The family feud between expelled French National Front founder Jean-Marie Le Pen and Marine Le Pen, his daughter, deepened on 5 September 2015 when he launched the rival right-wing party. Mr. Le Pen, 87, who was expelled from the FN in August 2015, told supporters in the city: 'You will not be orphans. We can act in a similar way to the FN, even if we are not part of it.'[2]
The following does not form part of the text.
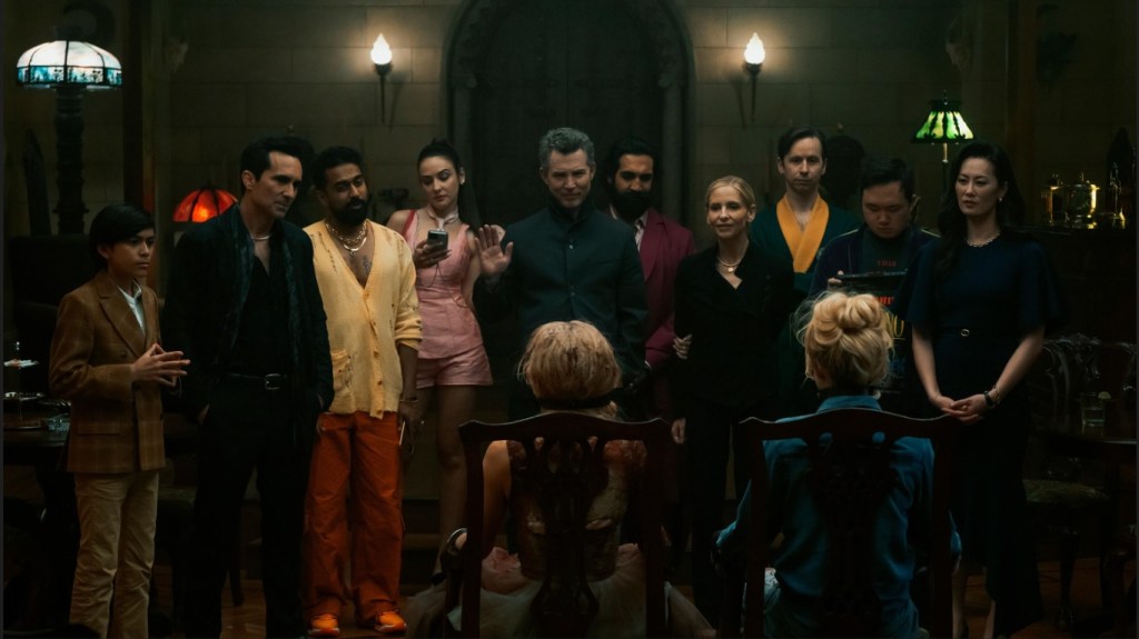 Los grandes sacrificados por las deficiencias de sus directores son Kathryn Newton, actriz con un carisma tan grande como cualquier pantalla y que no es ninguna novata en el género ni en el trabajo con ellos — véase su trabajo en una película como Freaky (C. Landon, 2020)—, pero que aquí es llevada a la caricatura de lo que busca ser un personaje humorístico, algo que también es notable en los trabajos de Kevin Durand con la dupla y quien afortunadamente tiene una participación muy corta en esta película. Otros ejemplos son los de Nestor Carbonell como otra caricatura que ni a farsa llega de un personaje español, Varun Saranga en un personaje que pareciera subestimar la inteligencia de la audiencia y otros actores pertenecientes a las familias elitistas que conforman el culto. Si hay algo en lo que Radio Silence tiene expertise de sobra como directores es en exhibir a sus actores.

Marine Le Pen, the leader of the Front National remarked 'He does what he wants, he is a free man.' The row with her father erupted in April 2014, when he defended comments he had made in the past about how the Nazi gas chambers of the Second World War were a 'detail' of history. Ms. Le Pen, who succeeded her father as leader in 2011, dismissed his move. Mr. Le Pen was stripped of his FN membership by the party's executive committee in August following a damaging five-month family feud with his daughter over a string of inflammatory comments. He dismissed the hearing as a 'mockery' and an 'ambush' and blamed Ms. Le Pen, who took over from him as leader in 2011, of pulling the strings from afar. 'It's dirty to kill your own daddy, so she didn't kill daddy directly, she did it through her henchman,' Mr. Le Pen told French radio at the time. The elder Le Pen has been a persistent problem for his daughter as she tries to smooth over the overt racism and xenophobia of the party's past. The final straw came in April when he rehashed familiar comments about the gas chambers and said France should get along with Russia to save the 'white world'. Ms. Le Pen then openly split with her father, saying he was committing 'political suicide'. But he vowed to 'reconquer' the party he founded in 1972.[3] [4]
He confirmed he would support his granddaughter Marion Maréchal-Le Pen for the next regional elections and that he wanted to influence the National Front's ideology with his association. He also praised Marine Le Pen's speech in Marseille on 6 September 2015, describing it as "lepéniste".[5]